The gospel's essentially contested concepts need to be corrected and clarified.
Most commentators have concentrated on reconstructing the claims of opponents to identify them historically.
Are some of them just separated? (3 John 9).
Are they Gnostics (1 John 1:8-10, 3:9)? Docetists (1 John 4:2)?
Cerenthians (1 John 5:6, 4:2, 2 John 7), who deny that Jesus and the Christ are one person?
Opponents' claims do not add up to one coherent body of belief, so reconstruction proves impossible.
III. 1 John: The Integrity of the Gospel
These documents (1 John isn't a letter) appeal to Jesus' tradition itself to adjudicate the conflict, especially amplifying and clarifying John 13-17.
This could mean opponents are misinterpreting or misapplying the Fourth Gospel, or at least the elder's teaching.
1 John's structure eludes many readers. It seems almost stream of consciousness.
The BP video follows one common proposal (from Raymond E. Brown) to read it as two parts, "God is light" and "God is love."
It reads more powerfully according to a subtle chiastic structure (so John Christopher Thomas):
1:1-4 A   prologue; eternal life
1:5-2:2   B   making him a liar (walking); lying/deceiving, message, blood, fellowship
2:3-17     C   new commandment; commandment, love perfected, abiding, the world, hate
2:18-27       D   antichrists; anointing, confessing the Son, teaching, exes deny truth/knowledge
2:28-3:10         E   confidence: don't sin; shame at parousia; righteous/pure like God; God's seed
3:11-18           F   love one another! life-sacrifice versus indifference, hate, murder, death
3:19-24         E'   confidence: keep the commands; heart condemns; pleasing God; God's Spirit
4:1-6       D'   antichrists; Spirit, not confessing the Son, those from God listen, world in error
4:7-5:5     C'   God's love and ours; commandment, love perfected, abiding, the world, hate
5:6-12   B'   making him a liar (testimony); lying about God, witness, blood, having the Son
5:13-21 A'   conclusion; eternal life
"This is the message" in 1:5 and 3:11 would signal our way into the chiasm, then out of it.
The simple equations throughout ("p = q", "p implies q") are packed with each other's meaning in a dense web, with chiastic radials in and out of its center.
The elder is driving at the chiasm's central summary: life (Christ) and death (anti-).
So the elder combines affirmations and anathemas (refutations) throughout.

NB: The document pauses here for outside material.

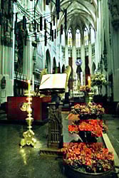 Deze gotische kerk is 115 meter lang, 62 meter breed, in het middenschip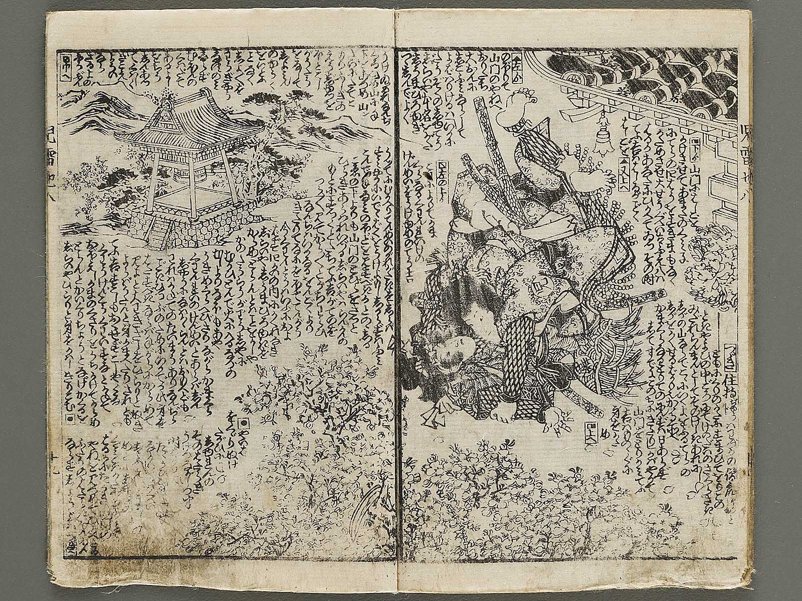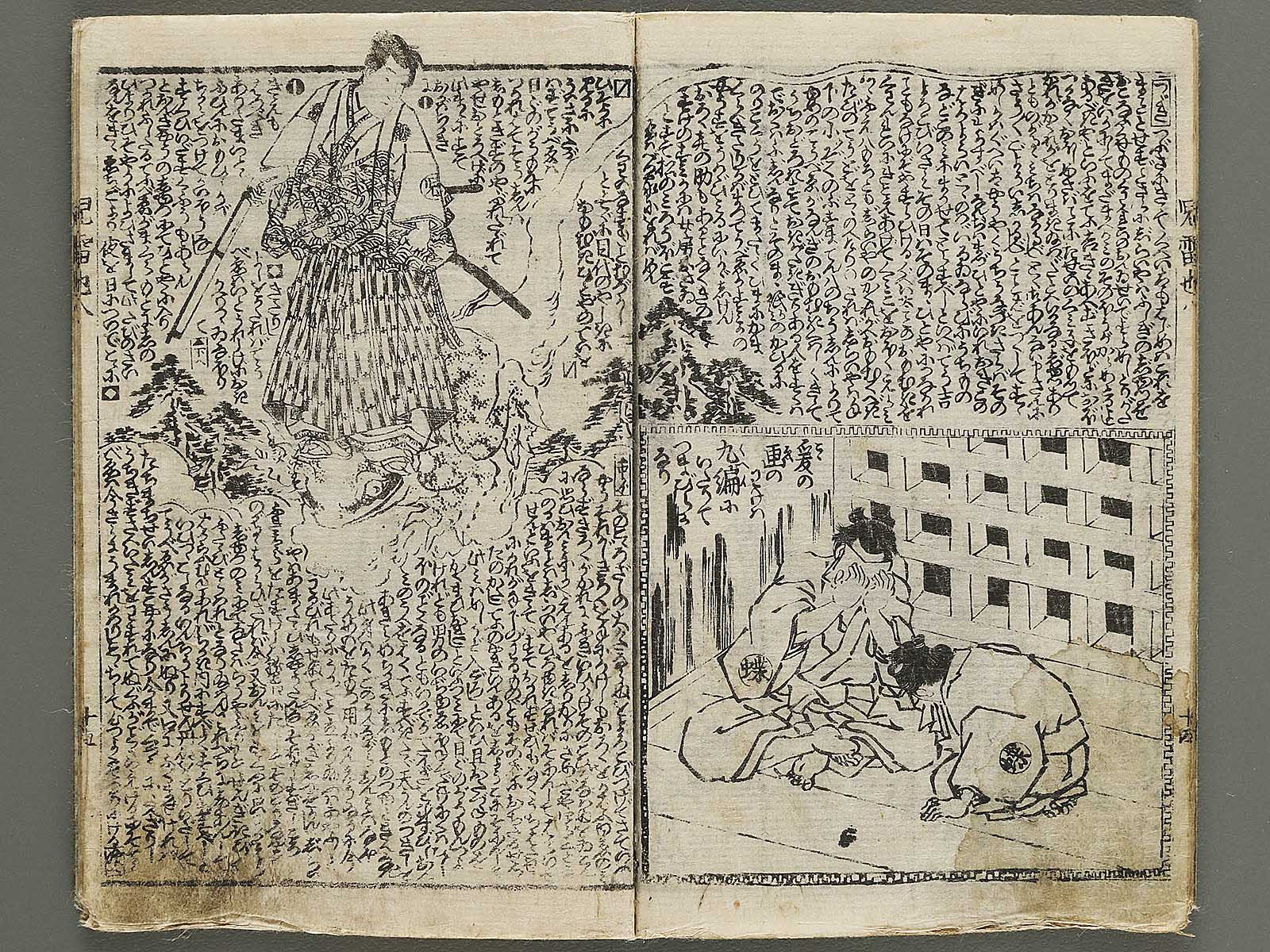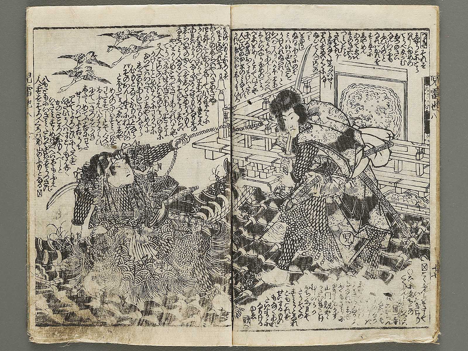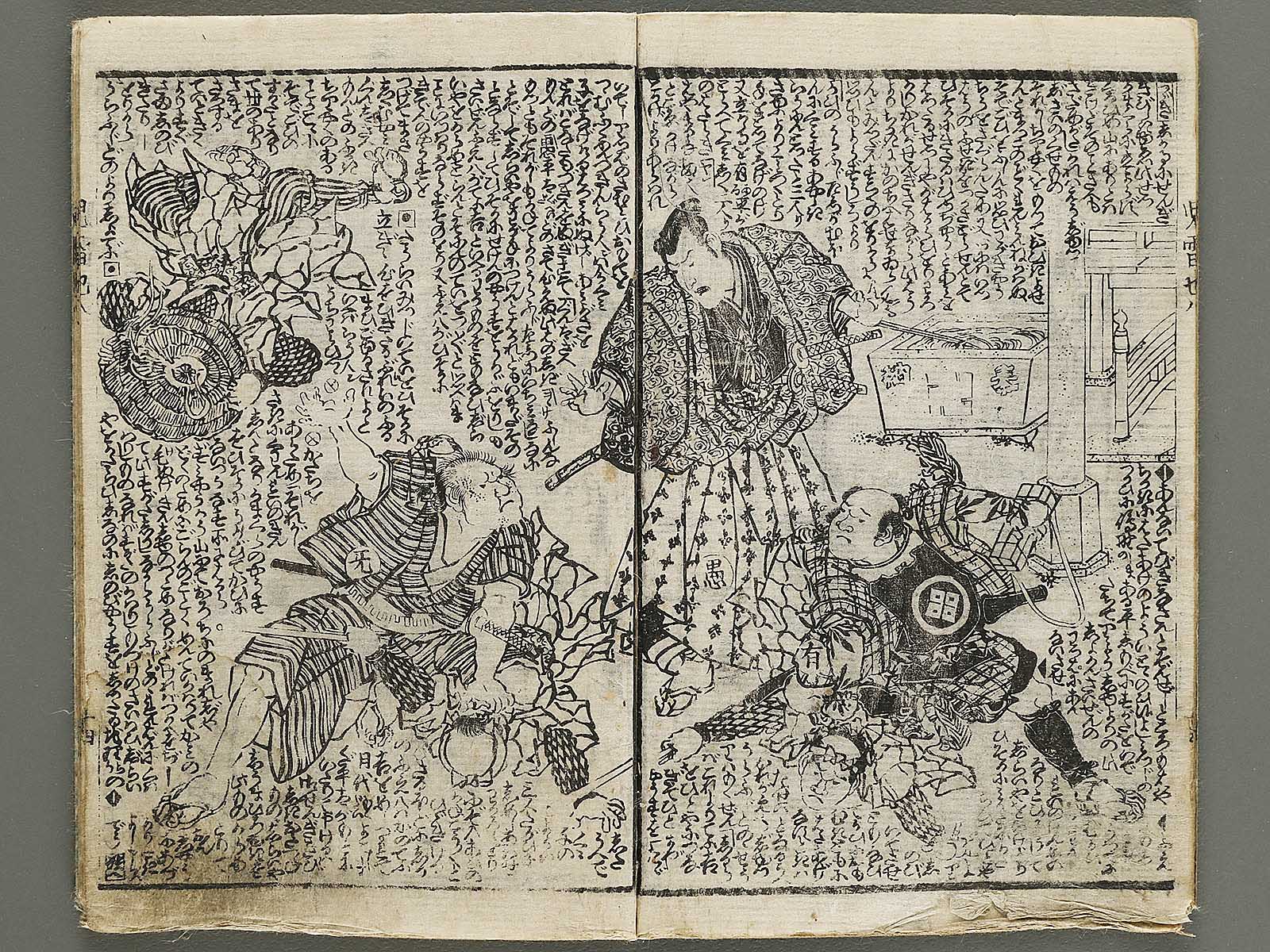 Topic : Novelists including Egao Mizugaki/Ryukatei Tanekazu wrote this book from 1839 to 1868. It is a full-length work consisting with 43 volumes of 172 books, not to be completed yet. The main character, Jiraiya(Jiraiya is a ninja), acquires the special power and fights battles against villains and nemeses. This book had been a subject matter of Kabuki(Japanese classical drama) in the Edo period and today the one for movies and so on.

The directive reminds the remainers of the character of true Christian faith (p):
Jesus is the Messiah (1 John 2:22, 4:2),
God is light (1:5, 2:7-11),
God is love (3:10-24, 4:16-5:5).
Theology is ethics: Each of these truths becomes the 'indicative' of an 'indicative-imperative.'
Four ethical signs (q) assure believers of communion with God:
We obey his commandments (to love) (1 John 2:3).
We reflect God's and Christ's character (2:29, 3:2-3, cf. 3:4-10).
We love one another (3:14).
We are given his Spirit (3:23-24, 4:13).
Opponents' teachings and lives lack this integrity (3 John 9-11, 2 John 7, 1 John 1:8-10, 2:4-6, 2:9, 2:22-23, 4:1-3, 4:20).
The whole NT is shot through with this argument.
Christian faithfulness, truthfulness, and love are the literal moral of the gospel story.
Thus integrity ("no darkness at all," 1 John 1:5), not just information, is essential to Christian understanding.
IV. End of our Introduction: Lines of Dependence, Influence, Affinity, and Culture
The NT is a fellowship's fellowship.
There are struggles galore: apostasy, persecution, confusion, complacency, vice, shallowness ...
but shared commitments to the Father's Son, to one another, and to God's mission through those struggles,
and Christ and his Holy Spirit with us through the end of the age (Matt 28:20).
The churches' canonical writings address the struggles out of those firm commitments, and that sets the churches' standard.
The canonical writings' church understood itself as apostolic, one, holy, and catholic.
Commitment to Christ is (for now) always a struggle; and (present) struggles in Christ embody commitment.
Both testaments are a light unto our path (Ps 119:105); keep getting to know them better!